Our results show that pyrosequencing is the most reliable in case of 4-mers and as homopolymer length gradually increases, accuracy deteriorates. With careful primer selection, the NGS system was able to correctly genotype all but one of the homopolymers in the CFTR gene. In conclusion, we configured a plasmid test system that can be used to assess genotyping accuracy of NGS devices and developed an accurate NGS assay for the molecular diagnosis of CF using self-designed primers for amplification and sequencing.

Keywords

  • Pyrosequencing
  • Homopolymer detection
  • Cystic fibrosis

Background

In genomics, a homopolymer (HP) is a sequence of consecutive identical bases. Approximately 1.43 million HPs (also known as mononucleotide microsatellites) exist in the human exome, with the size of 4-mer and up. This also means that an average of eight such HP sequences can be found in every exon. They are believed to play roles in transcriptional regulation and recombination [1, 2], and the vast majority (96.7%) of them are in the range of 4-mer to 6-mer. HP sequences composed of A:T base pairs are over-represented in the human genome compared to G:C HPs [35]. Although both pairs show structural stability [6, 7], these loci in the genome are highly mutagenic and have been characterized as hotspots for length change mutations [810], which has, presumably, contributed to their reduced occurrence in the exome over time.

Certain sequencing-by-synthesis based next generation sequencing (NGS) techniques have a relatively high error rate in determining homopolymer regions, due to the principles used for detection. In pyrosequencing [1113] or ion semiconductor sequencing [14], the signal which depends on the emitted light or the concentration of released hydrogen ions, respectively, should be directly proportional to the number of incorporated bases during a single dNTP dispensation. However, since linearity starts to diminish in HP stretches exceeding four bases, erroneous over- and under calls are going to happen [1517]. Since HPs are more prone to insertion and deletion mutations (indels), problems are going to aggravate, when utilizing pyrosequencers or ion semiconductor chemistry in diagnostic procedures [18].
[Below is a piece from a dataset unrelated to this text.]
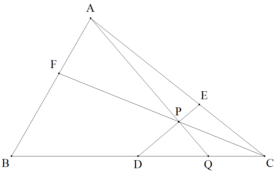 △ABCについてBCを1:k,CAを1:l,ABを1:mに内分す る点をそれぞれD,E,Fとする。CFとDEの交点をPとし, APとBCの交点をQとするとき,BQ:QCを求めよ。 | ![]() |

There are numerous bioinformatic correction tools to separate artifacts from true genetic variations. Some of these algorithms are based on clustering the flowgrams; for example Denoiser, which utilizes rank-abundance distributions, or PyroNoise/AmpliconNoise, which calculates a likelihood using empirically derived error distributions [19]. Acacia’s main focus is on HP sequences and the algorithm uses a dynamically updated cluster consensus when aligning reads [20]. Coral and ECHO are multiple alignment based techniques [21], while HECTOR is a homopolymer spectrum based error corrector, with a multistage correction workflow [22]. Another useful software is FlowClus, which provides feedback on the denoising process, allowing the user to apply more suitable analysis parameters for the particular dataset [23]. The most recent tools, such as NoDe (Noise Detector) and DUDE-Seq are believed to produce even lower error rates and are more time-efficient [24, 25]. Even if sophisticated correction tools [22, 26, 27] are used to overcome the difficulties of detection and significantly improve accuracy, it is still very important to estimate the capability of the corresponding NGS system to correctly determine HPs. To avoid uncertainty in the diagnostic testing of patient samples, it is also recommended that the maximum length of stable HP detection, for reasonable identification of indel mutations in such sequences, be defined before using the NGS instrument in routine clinical practice [28].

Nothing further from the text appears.